I recently received a phone call from Blue Cross for my son William. The call was fully automated—recordings and voice recognition. It asked if I was William. When I replied that I was not, it asked me to take a message for him. The message was that he was to call a specific phone number.
I passed the information on to William, who is a student at the University of Chicago. He called the number from his cell phone—and was informed, I assume again by a robot responder, that he had to respond from the phone number that the original call had gone to—my home number in San Jose.
He reported the result to me. I called the number. The robot asked me if I was William. I replied that I was not. It asked if I was representing him. I replied that I was. It told me to tell him to call the number and hung up on me.

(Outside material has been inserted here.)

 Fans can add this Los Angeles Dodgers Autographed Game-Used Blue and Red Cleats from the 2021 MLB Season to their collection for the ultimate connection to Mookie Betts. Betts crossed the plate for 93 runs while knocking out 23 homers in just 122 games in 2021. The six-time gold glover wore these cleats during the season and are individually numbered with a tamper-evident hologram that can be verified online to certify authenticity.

I called the general Blue Cross number, eventually got through to a human being, and described the elegantly impossible situation that I had encountered. He put me on hold, checked the situation, then informed me that the call was for a survey and he could and would remove William from the list of people being surveyed. I pointed out that the same problem would occur for anyone else being surveyed who was not living at the location of his home phone number and suggested that Blue Cross might want to alter the way they did their survey. My guess, from his response, is that it won't happen.
6 comments:
Since I moved here three years ago, I've been getting repeated reminder calls from Anthem Blue Cross apparently intended for the parents of an infant girl whose family used to have my phone number. ("Remember to get her shots," "Checkups are important for young kids," yadda yadda.) The recordings, which can only be heard if you say you're one of her family, don't give a phone number to call back, and the phone number for A/BC in the phone book leads to a sales rep who has no clue how I can make the calls stop.

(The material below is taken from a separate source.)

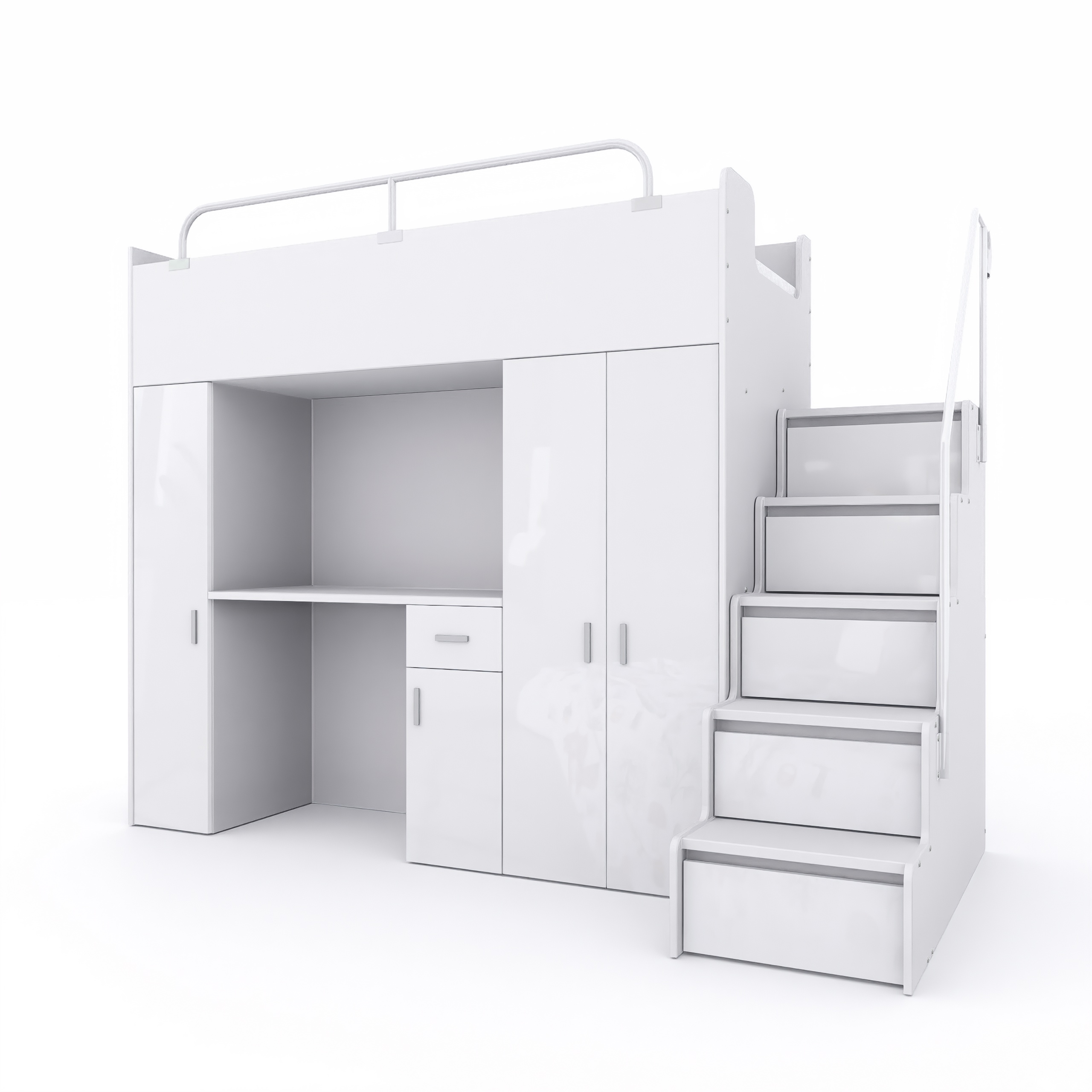 Kiki 5 Max (90x200 см) двухъярусная кровать с столом и лестницей - белый блеск

It would be nice if we had a free market in phone services so that I could subscribe to one that didn't allow this sort of thing. That isn't possible, but getting rid of one's telephone and using the Internet as a replacement is.
I expect that in twenty years, traditional telephone service will no longer exist.
It's a good example of what happens when computers are put in charge of something. If the programming is wrong, there is very little flexibility to make things happen.
Broadening the idea a little bit, this kind of thing also happens when a bureaucrat is very particular about the rules of their office. A very faithful, nitpicky bureaucrat has a lot of similarity to a computer program.
I would be tempted to ban all telephones from my house, but for the fact that my wife uses them quite heavily.
This is a little confusing - why bother calling Blue Cross when an invisible hand of the market is already at work removing inefficient surveys?
I called United to have them email me my boarding pass. I navigated the robot until it asked if I wanted my boarding pass emailed or faxed to me. I said yes and it asked for my fax number. I said "email" along with a few other chose words. It was not to be dissuaded from it desire to extract a non-existent fax number from me. Who has a fax number anymore?
I discovered that if you hit the # key twice it understands that you want to speak to an operator. It even says, "I sense that you wish to speak with an operator." But then it says, "I can't do that right now." I tried this several times but it became clear that "not right now" didn't mean that operators were too busy, it meant that "at this point in the menu system I'm fixated on getting a fax number and your only means of escape is hanging up."
Your only hope is to hang up, call again, and press the # key twice before it asks if you want your boarding pass emailed or faxed to you.
There will be lots of head scratching going on over there at Blue Cross trying to figure out why their response rates are so low.